Neuroinflammation as fuel for axonal regeneration: exploring the proteome for underlying molecular players

Neurotrauma and degeneration diminish life quality in our aging society and lead to impairments, mainly because the central nervous system (CNS) of adult mammals lacks the robust capacity to regenerate. Despite intensive research, induction of long-distance axonal regeneration and functional recovery of the damaged CNS remain a challenge. Although neuroinflammation has been put forward as a mechanism to trigger axonal regeneration in the CNS, little is known about the underlying molecules and pathways. Therefore, our overarching goal is to unravel the cellular and molecular players that link inflammation to proper axonal regeneration. Thereto, we will use an inflammatory optic nerve injury model in mice and apply an innovative proteomics approach on retina and optic nerve.

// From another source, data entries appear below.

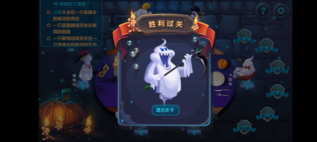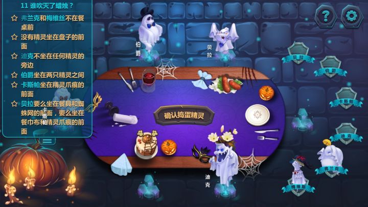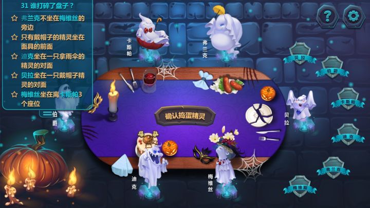 用的穷举法 有两个蓝眼睛和两个餐具 按照这个条件一个个试 运气好 试到第三种方法就过了 看到别人发的帖子有符合条件但是没有过的 我想说这不是你的问题 这游戏好像只设置了一种标准答案 就算你对了和答案不一样也不给过 比如38关我反复验证了好几遍 我这个答案就是不行 把迪克位置调到右下就过了 郁闷……
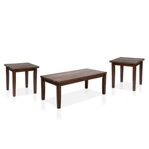 Give your living space a bold vibe with the addition of this 3-piece transitional coffee table set featuring a coffee table and two end tables. Each table is fashioned from paper, rubberwood, and MDF/birch veneer for a cool, inviting aesthetic. The set also includes wood grain details throughout, as well as solid block legs with stylish notches just under the tabletops
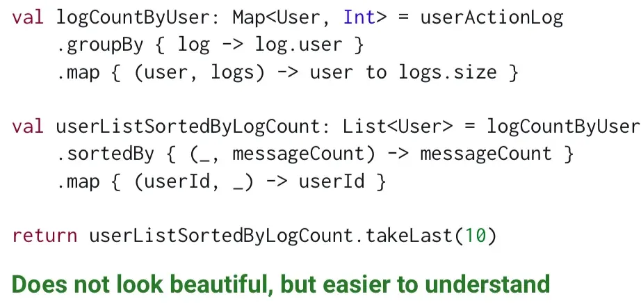 - 우아하지는 않지만 변수등으로 나눠줌으로써 훨씬 쉽게 읽을 수 있다.
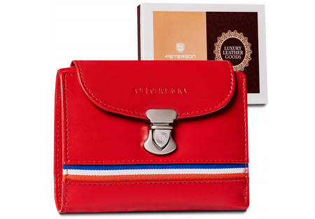 - Originelles Aussehen | Geldbörse im klassischen Stil in sinnlicher, klassischer roter Farbe. Modell in vertikaler Ausrichtung, mit einer Klappe mit Druckknopfverschluss, zusätzlich ist auf der Vorderseite der Geldbörse ein dreifarbiger, origineller Gürtel aufgenäht, der viele Blicke auf sich ziehen wird
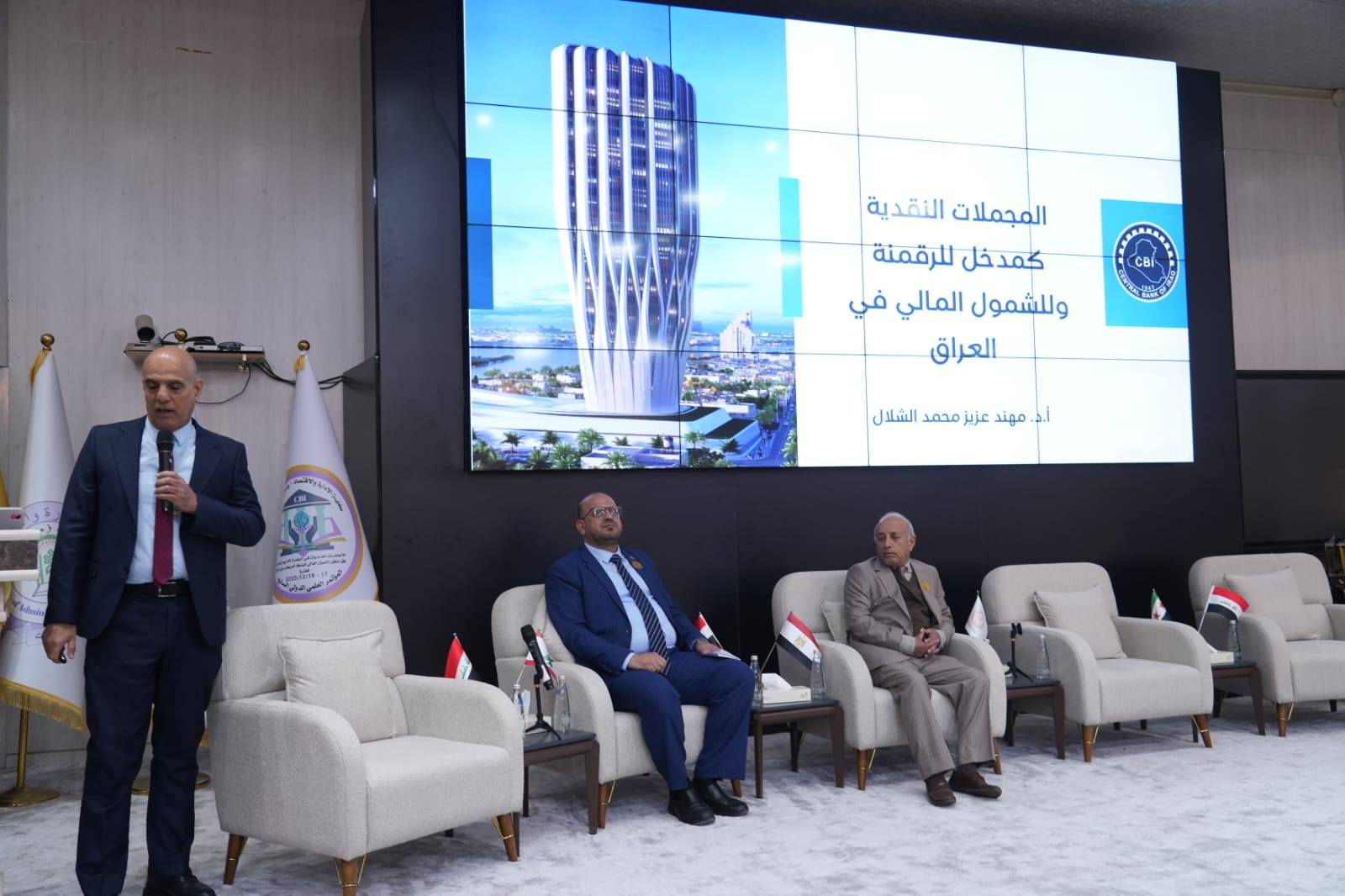 وأوضح أن الرقمنة تمثل ضرورة استراتيجية لمكافحة الفساد، وتعزيز الشفافية، وتحقيق العدالة في الوصول إلى الخدمات المالية، مثمّنًا جهود البنك المركزي العراقي في نشر الثقافة المالية وتطوير أنظمة الدفع الإلكتروني. كما دعا إلى تبنّي استراتيجية وطنية موحدة للتكامل الرقمي، وتعزيز الشراكة بين الجامعات والمؤسسات المصرفية، ودعم الابتكار المالي، إلى جانب توسيع نطاق الشمول المالي، وتطوير منظومات الأمن السيبراني، ونشر الوعي المالي في المجتمع.
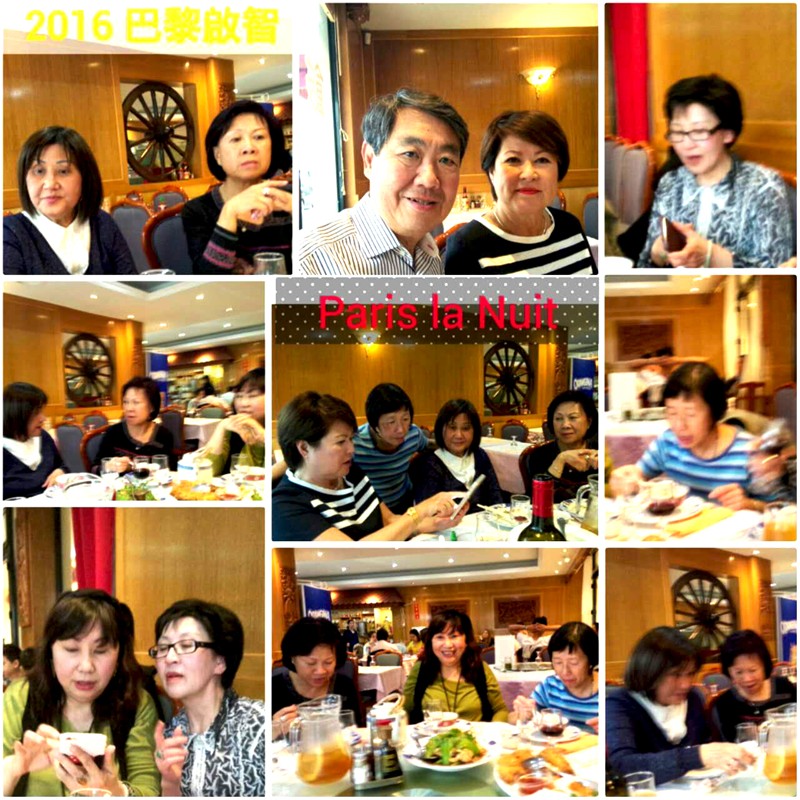 6月4日晚上,除了葉熙甯因出國工作缺席之外,所有法國69年班同學(左起第一排)黃美娟、陳淑萍、梁少英(來自澳洲)、林露瑩、楊惠馨與夫婿Gilbert
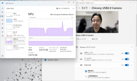 このNPUを活用するアプリが少ないのが長年の課題だったが、それは解消されつつある。定番なのがWebカメラと連動する「Windowsスタジオエフェクト」だ。自分が画面の中央になるよう調整する自動フレーミング、自分の目線がカメラに向いているように調整するアイコンタクト、背景のぼかしといった機能をCPU、GPUに負荷をかけずに利用できる。
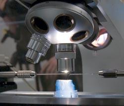 Специальные «иглы», установленные на управляемых компьютером микроприводах, используются для высокоточного разрезания аэрогеля, содержащего образцы кометного вещества
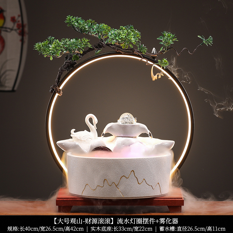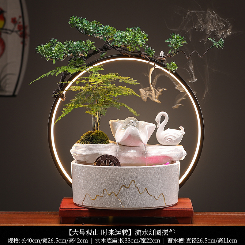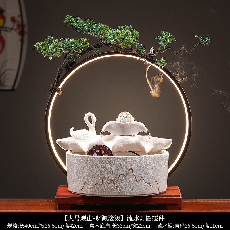 세라믹 흐르는 물 어항 운세 만들기 풍수 휠 장식품 홈 오피스 데스크탑 장식 오프닝 집들이 선물스토어 가기
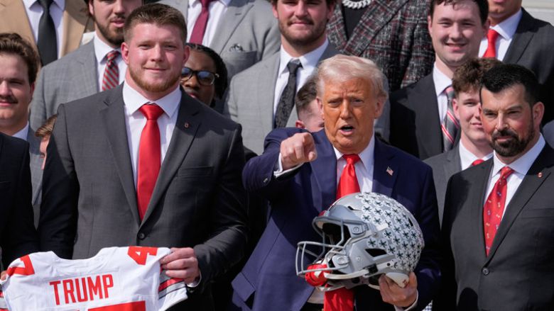 대학 미식축구 우승팀 헬멧 들고 도널드 트럼프 미국 대통령이 14일(현지 시간) 워싱턴 백악관에서 2025년 대학 미식축구 우승팀인 오하이오주립대 선수들과 기념 촬영을 하고 있다. 트럼프 대통령은 이날 “자동차 회사들을 돕기 위한 조치를 생각하고 있다”며 자동차 부품에 대한 관세 면제 가능성을 시사했다. 워싱턴=AP 뉴시스 |
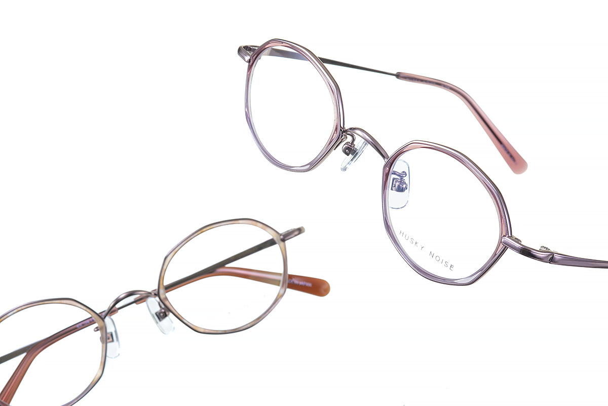 外側のチタンリムは多角形、レンズはオーバルなので不思議と馴染む、冒険したくない方ほど実はハマるデザインです。豊かな色調のアセテートは、厳選されたダブルハーフ生地を採用しコーディネートに華を添えました。さり気なく、でもしっかりと「あなたらしさ」を引き立てる一本です。プラ単体より変形が少なく、チタン単体よりボリュームが出ます。更に小さめシェイプがレンズ厚をカバーするため、強度数の方にもおすすめです。
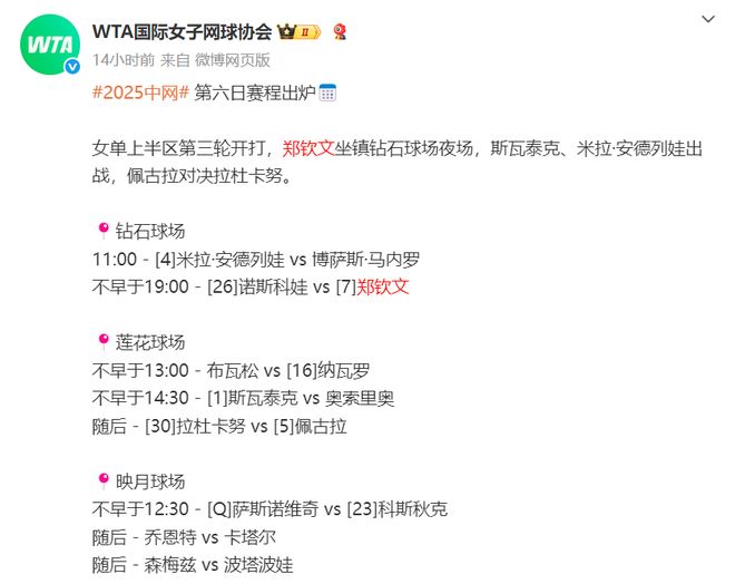 为了让更多的球迷关注郑钦文的比赛,央视还安排了CCTV5频道进行现场直播,继续在第一个钻石球场亮相。无论是比赛时间还是比赛场地,都是超级巨星的待遇。
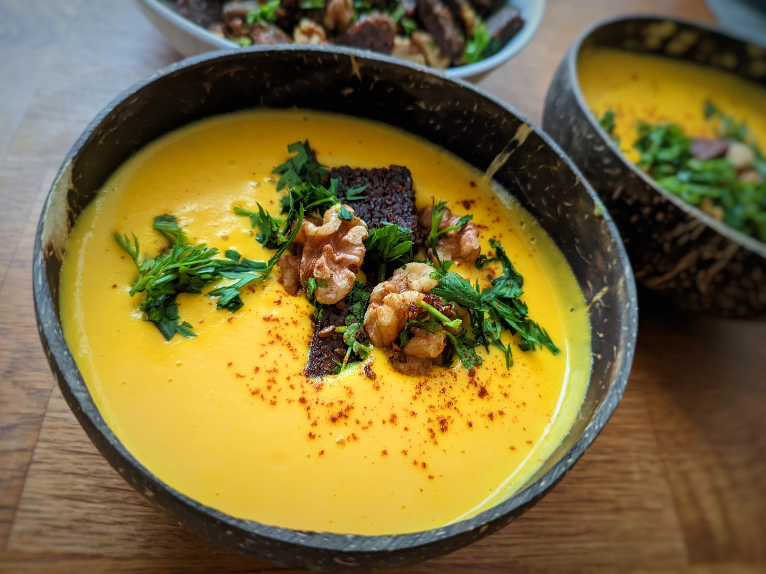 🥕🥔 Fruchtige Möhren-Kartoffelsuppe mit geröstetem Pumpernickel und Wallnüssen, angerichtet mit Petersilie sowie Möhrengrün 🍲👍
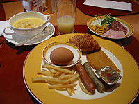 翌日の朝食も、種類こそ減っているものの、シリアルやパンケーキ、お粥に普通の和食と、あらゆるバージョンが揃っていて、ちゃんとこのときもデザートがありました。
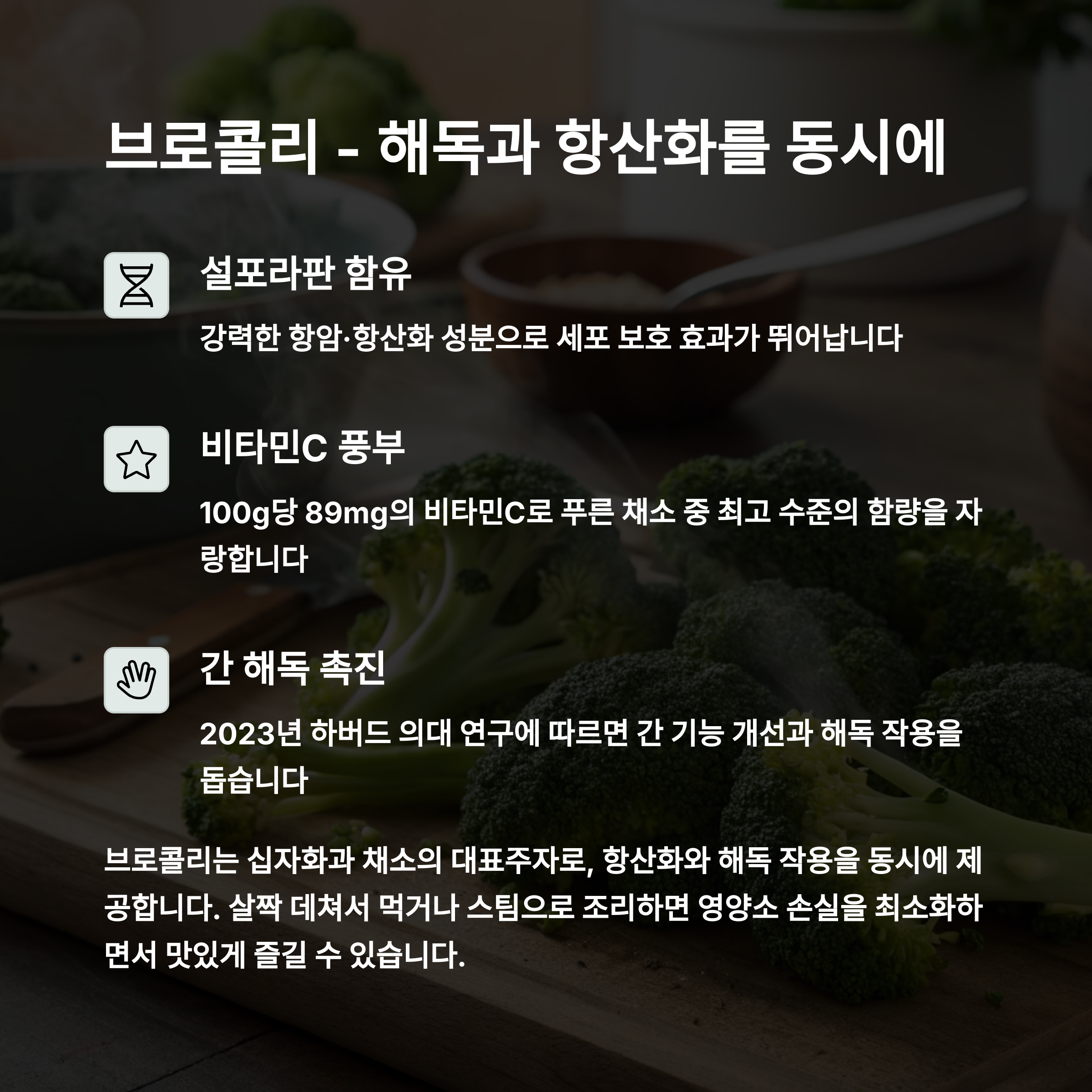 브로콜리, 해독과 항산화를 동시에
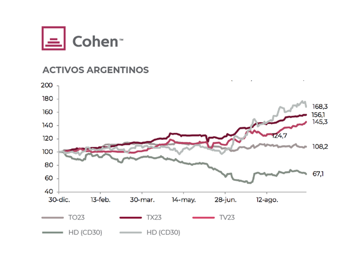 Hit markets. Even with a more stabilized internal front, in which the BCRA recovers international reserves while the Treasury moderates fiscal expansion (although it is insufficient to correct the imbalance in public accounts), given the complex global scenario and the uncertainty about upcoming government measures local assets did not have a good month. The exchange rate gap rose again, sovereign bonds in foreign currency and the Merval fell significantly, while bonds in pesos rose along with inflation. Specifically, as of Wednesday, September 28, sovereign bonds in foreign currency marked falls of 10.4%, with those of foreign legislation being the most affected with falls that exceeded 11%; the Merval measured in CCL dollars accumulated a drop of only 7% since YPF compensated for the strong declines of the rest of the panel by registering an increase of 15% (in the year it accumulates a gain of 68%). On the side of the bonds in pesos, the most demanded were those adjustable by CER, which rose 8% -hand in hand with the longest tranches that gained more than 10%-, closely followed by bonds adjustable by type of interest. change (DLK and Duals) that recorded increases of around 8% (only the T2V2 was out of tune, which rose less than 2%). The big losers of the month were fixed-rate bonds, which averaged 4.2% declines.

Furthermore, as data obtained in our group indicate matrix metalloproteinase-2 (MMP-2) as a promising regenerative factor that connects ocular inflammation with successful axonal regeneration in the optic nerve, we will further disentangle the pleiotropic role of MMP-2 in axonal outgrowth, elongation and navigation. As such, taking MMP-2 as a lead, we will establish a pipeline for further testing of the selected/identified high-confidence targets, using expression/activity studies and loss/gain-of-function approaches. Overall, the expected outcome of this proposal is the identification and validation of novel benefactors of axonal regeneration that might hold future therapeutic potential.